Доведённая до логического завершения, толерантность – это этическая добродетель, сочетающая в себе силу убеждений с уважением к другим. Речь идёт уже не просто о том, чтобы утверждать свои истины с безразличием или презрением к убеждениям других, а о споре с другими в общем стремлении к поиску добра и истины. Давайте будем честны. Для каждого верующего естественно придерживаться того, что кажется ему наиболее истинным. В этом и заключается определение веры. Никому не придёт в голову критиковать иудея за убеждённость в необходимости соблюдения Торы, мусульманина – за пять столпов ислама, а буддиста – за медитацию. Однако мы наблюдаем возникновение глубокого раскола между верующими, которые верят в обладание полной и универсальной истиной, и теми, кто признаёт, что любая истина, даже их собственная, относительна.
Для первых диалог – чисто формальный акт, поскольку другой, придерживающийся «низшей истины», никак не может их обогатить.
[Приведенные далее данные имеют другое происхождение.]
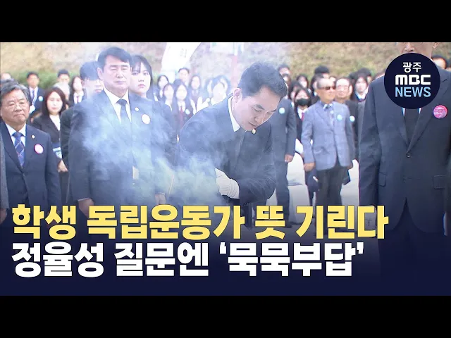 (앵커) 정율성 사업과 관련해 연일 반대 발언을 이어온 박민식 국가보훈부 장관이 광주를 찾았습니다.제94주년 학생독립운동 기념식에참석하기 위해서였는데요.기념식에 참석한 이후 보훈단체 회원과 함께정율성 흉상과 생가도 방문했습니다.천홍희 기잡니다.(기자)제94주년 학생독립운동 기념식이 광주에서 열렸습니다.'타...

Вторые, напротив, признают, что то, что лучше для них, не обязательно таково для других. Поэтому они понимают религиозный диалог как «обмен сокровищами». Этот разрыв пронизывает все религиозные общины. Некоторые католические богословы, например, выступают за плюралистическую теологию религий. Они находятся под прицелом Рима. Ибо, обращаясь к другим религиям посредством сильных символических жестов, Иоанн Павел II, как и его предшественники, обращается к миру как носитель универсальной, вечной и неизменной истины и иерархизирует человеческие верования и ценности, предлагая просвещать их. «Невозможно вести диалог с католиками, потому что они знают», – сказал Мерло-Понти.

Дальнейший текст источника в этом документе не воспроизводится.